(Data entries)
======
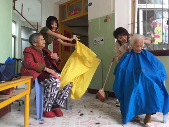 林劍涵和員工為老人剪發。(湖里區委文明辦供圖)
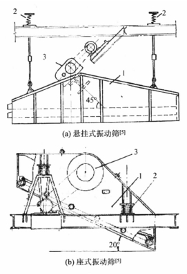 圖1( a) 為掛式振動(dòng)篩,圖1( b) 為座式振動(dòng)篩。 篩箱與水平面的傾角為15° - 20°,上面固定有篩網(wǎng)和激振器,篩面可以是單層或多層。篩箱通過彈簧 懸掛或安裝在機(jī)架上。電機(jī)通過皮帶傳動(dòng),帶動(dòng)固定于篩箱上的激振器,從而使篩箱產(chǎn)生振動(dòng)而工作。
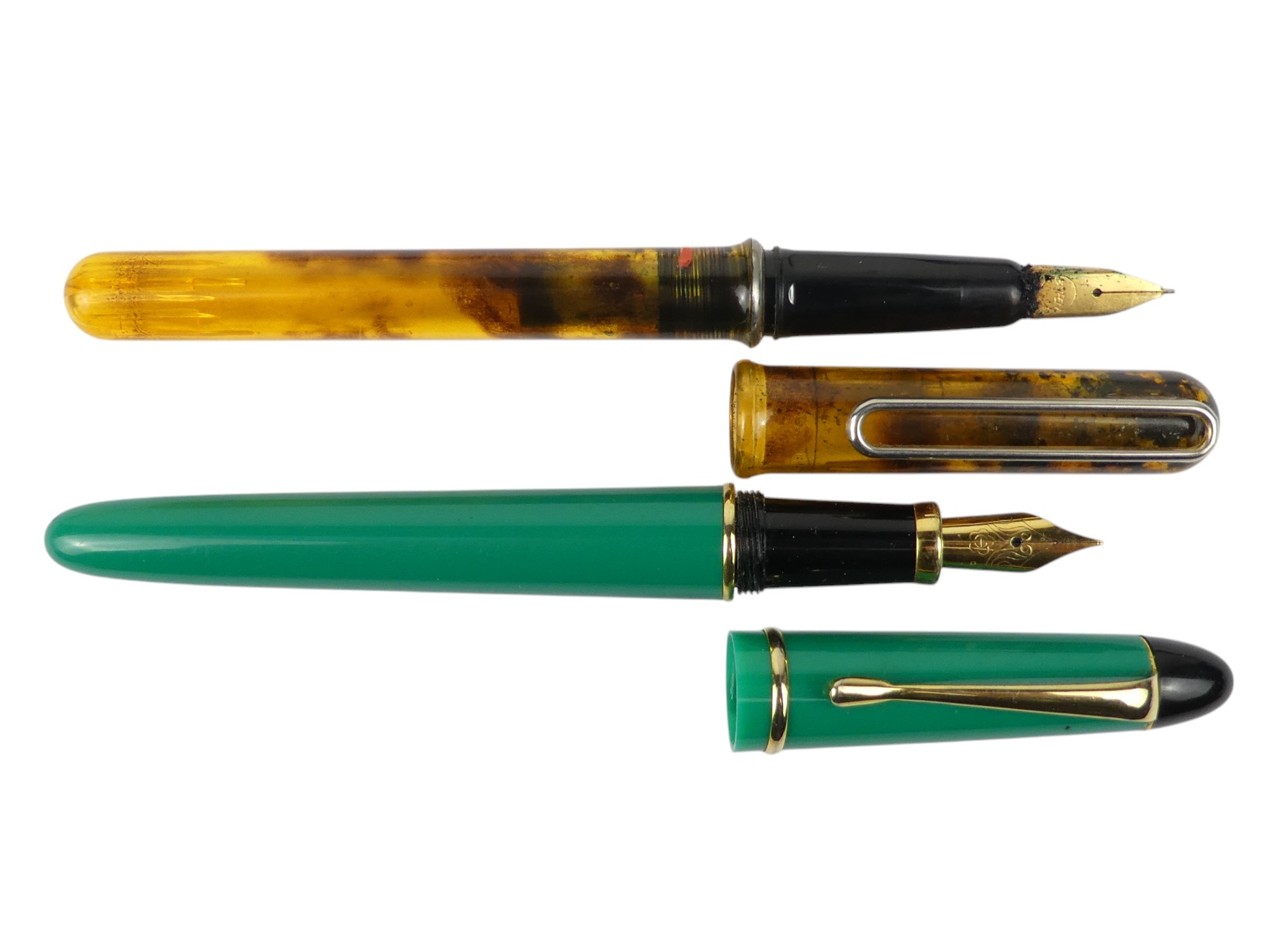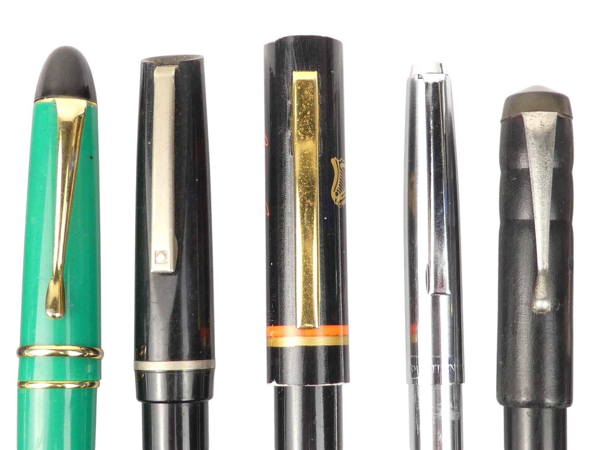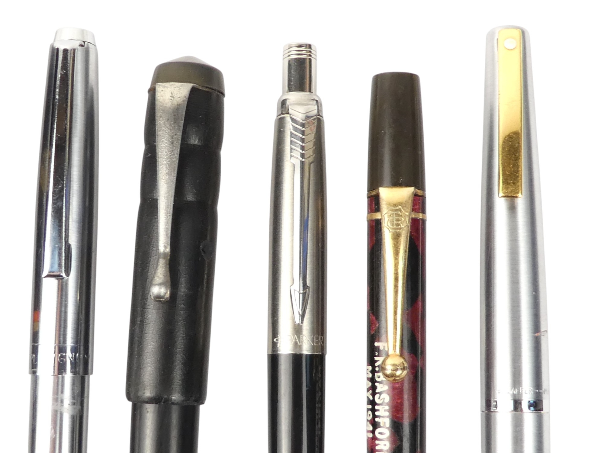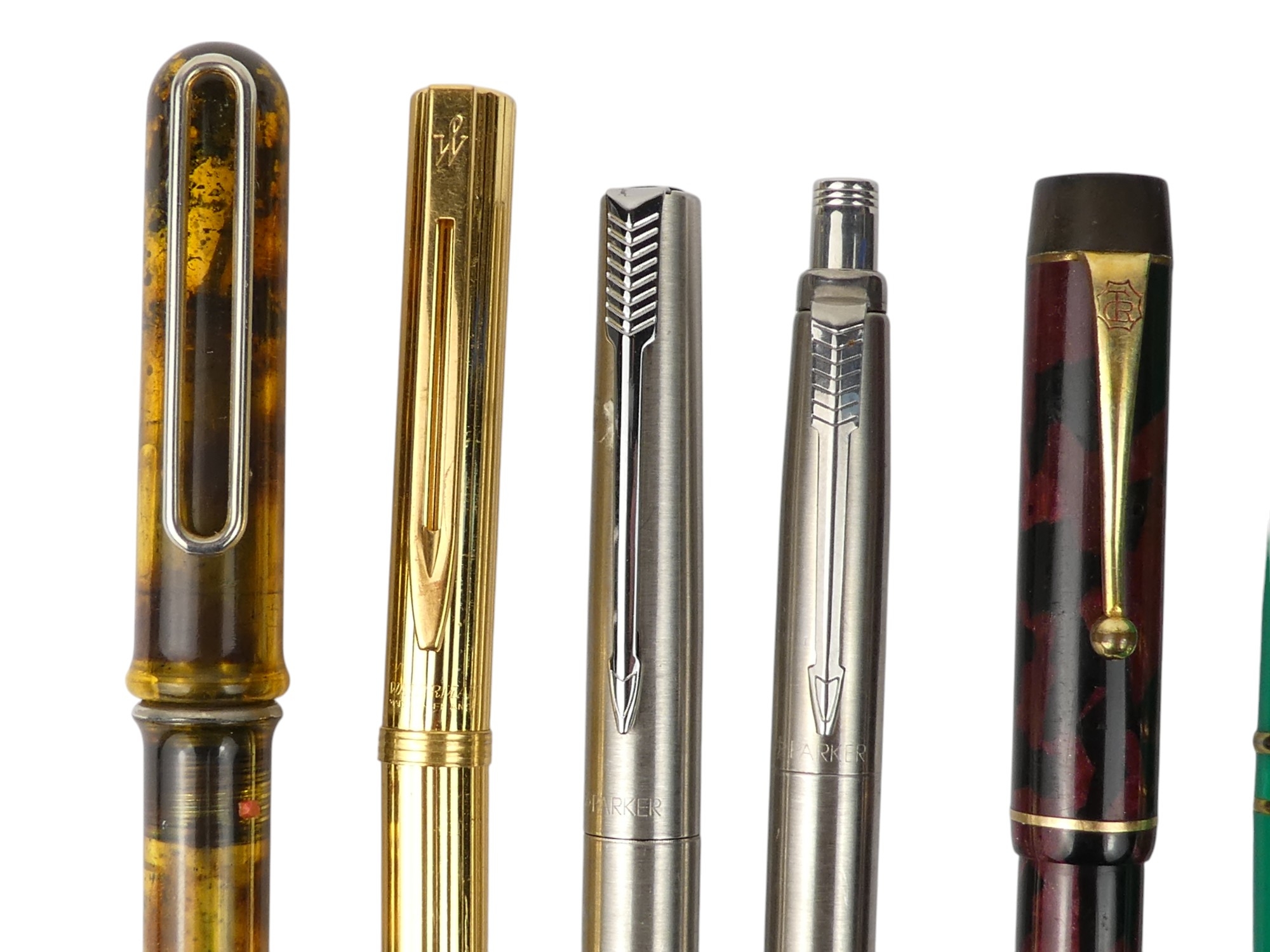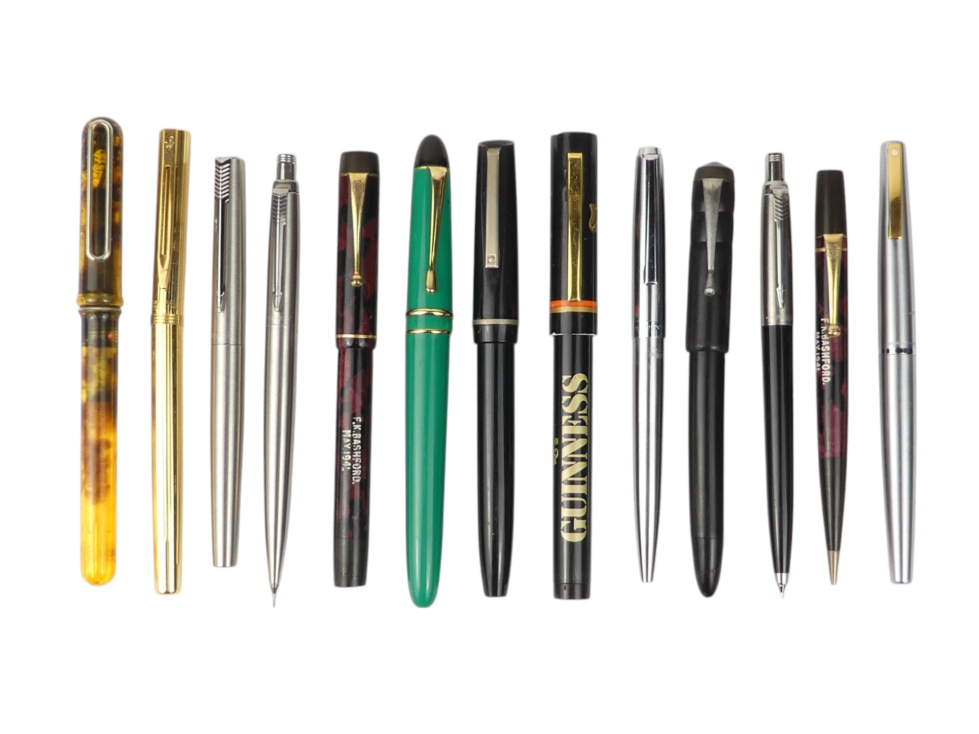 A collection of writing tools - including various Parker fountain pens.
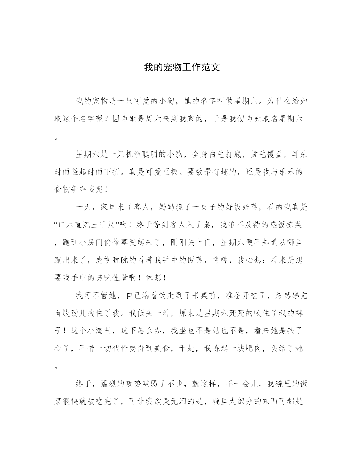 我的宠物工作范文我的宠物是一只可爱的小狗,她的名字叫做星期六。为什么给她取这个名字呢?因为她是周六来到我家的,于是我便为她取名星期六。星期六是一只机智聪明的小狗,全身白毛打底,黄毛覆盖,耳朵时而竖起时而下折。真是可爱至极。要数最有趣的,还是我与乐乐的食物争夺战呢!一天,家里来了客人,妈妈烧了一桌子的好饭好菜,看的我真是“口水直流三千尺”啊!终于等到客人入了桌,我迫不及待的盛饭拣菜,跑到小房间偷偷享受起来了,刚刚关上门,星期六便不知道从哪里蹦出来了,虎视眈眈的看着我手中的饭菜,哼哼,我心想:看来是想要我手中的美味佳肴啊!休想!我可不管她,自己端着饭走到了书桌前,准备开吃了,忽然感觉有股劲儿拽住了我。我低头一看,原来是星期六死死的咬住了我的裤子!这个小淘气,这下怎么办,我坐也不是站也不是,看来她是铁了心了,不惜一切代价要得到美食,于是,我拣起一块肥肉,丢给了她。终于,猛烈的攻势减弱了不少,就这样,不一会儿,我碗里的饭菜很快就被吃完了,可让我欲哭无泪的是,碗里大部分的东西可都是星期六吃掉的。“妈妈,还有饭么?”“还要吃啊?饭可没了,菜也只有一点了哟~”“什么!唉——”我叹了一口气,便悻悻的回房了这就是让我可气又可爱的小狗——星期六。你喜欢么?
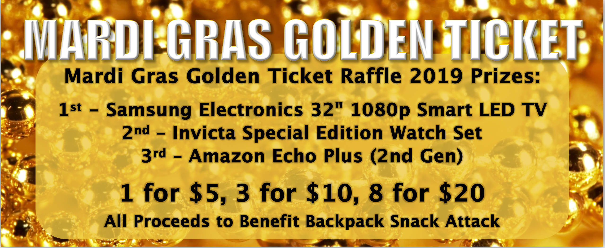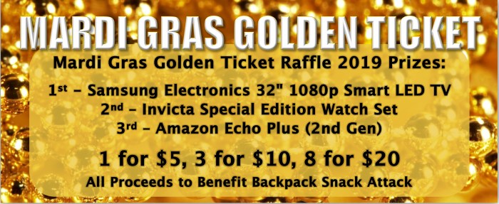 This year the Mardi Gras Golden Ticket will be available in advance from a Mardi Gras for a Cause Committee member. You may also purchase golden tickets the night of the event at each of the participating locations. The prizes are as follows:The Mardi Gras Golden Raffle Tickets can be purchased one for five dollars, three for ten dollars, or eight for twenty dollars, with 100% of proceeds to go to Backpack Snack Attack. The winning tickets will be drawn at 11:45pm on Tuesday, March 5th, 2019 at The Warwick Inn. Those selected need not be present to win. In the event that winners are not present at the time of the drawing, they will be notified by phone or email on Wednesday, March 6th 2019. Best of luck and thanks for your support!
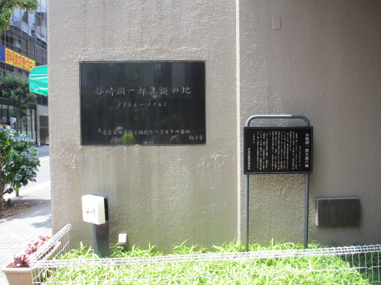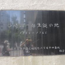 地下鉄日比谷線・人形町駅出口A2から1~2分ほどの所にある洋食小春軒の隣のビルの壁にプレートがあります。1886年、この近くにあったおじいさんが経営する活版所で生まれました。プレートはわかりづらいところにあるので、注意して探す必要があります。隣にはたにざきという名の料理屋さんがあります。
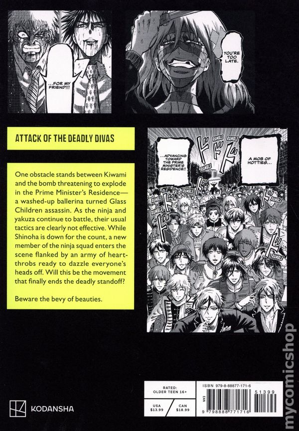 Volume 8 -1st printing. Story and art by Shinsuke Kondo. One obstacle stands between Kiwami and the bomb threatening to explode in the Prime Minister's Residence-a washed-up ballerina turned Glass Children assassin. As the ninja and yakuza continue to battle, their usual tactics are clearly not effective. While Shinoha is down for the count, a new member of the ninja squad enters the scene flanked by an army of heartthrobs ready to dazzle everyone's heads off. Will this be the movement that finally ends the deadly standoff? Softcover, 6-in. x 8-in., 192 pages, B&W. Older Teen 16+ Cover price $13.99.
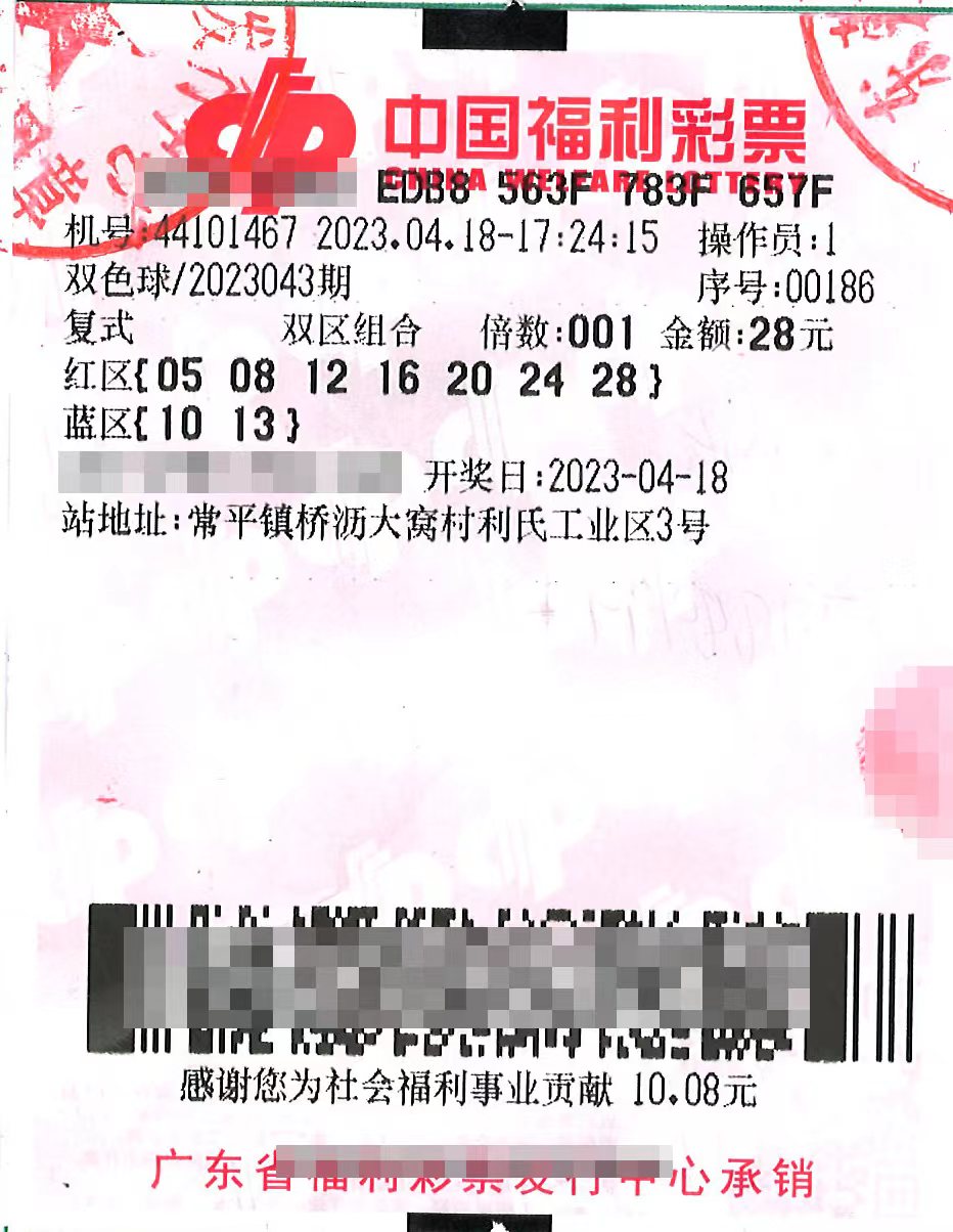 418日晚中国福彩双色球第2023043期开奖当期开奖号码为红球050812202428,蓝球:10。当期一等奖全国开出19注,天津1注,上海2注,浙江3注,安徽5注,福建1注,重庆1注,广东4注,广西1注,贵州1注,单注奖金590万多元。经检索,当期广东中出的其中1注花落东莞。东莞市常平镇桥沥大窝村利氏工业区3号44101467销售网点凭借一张7+2复式自选票中出602万多元双色球大奖。
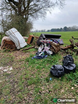 Assorted including bits of furniture, black bin liners etc again this is the second time of reporting and it's still there. Not only unsightly, an open invitation for people to dump more can you please remove ASAP, thanks!
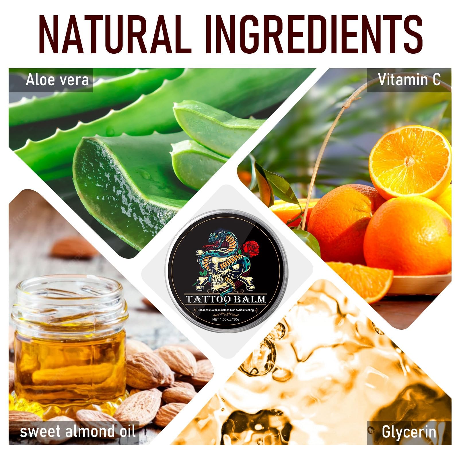 TATTOO BUTTER: ★ Tattoo Aftercare Helps Heal & Prevents Fading ★ Specially formulated for usage before, during and after the tattoo process. ★ Instantly enhances ink vibrancy as it forms a protective barrier on the skin that moisturizes. This cream also prevents fading and revives color in older tattoos. ★ Made using only natural ingredients, cruelty free, paraben free and petroleum free. ★ Can be used for: Tattoo before/during/after care, moisturizer, sunburns, minor cuts, scars, beard balm, diaper rash and dry skin. We recommend daily use for best results. Ingredients: ★ Butyrospermum Parkii (Shea Butter), Simmondsia Chinensis (Jojoba) Seed Oll, Helianthus Annuus (Sunflower) Seed Oil, Macadamia Ternifolia Seed Oll, Cera Alba, Tocopheryl Acetate. DIRECTIONS: ★ Use twice daily.More Info
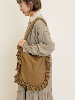 滑らかで温かみのある生地で仕立てられたフリルトートバッグ。
======
§ What you need to do: Leaving every picture aside, reproduce exactly the lines above from the one with "圖1( a) 為掛式振動(dòng)篩,圖1( b)" up to and including the one with "A collection of", and no others.

§ Solved exercise:
 圖1( a) 為掛式振動(dòng)篩,圖1( b) 為座式振動(dòng)篩。 篩箱與水平面的傾角為15° - 20°,上面固定有篩網(wǎng)和激振器,篩面可以是單層或多層。篩箱通過彈簧 懸掛或安裝在機(jī)架上。電機(jī)通過皮帶傳動(dòng),帶動(dòng)固定于篩箱上的激振器,從而使篩箱產(chǎn)生振動(dòng)而工作。
 A collection of writing tools - including various Parker fountain pens.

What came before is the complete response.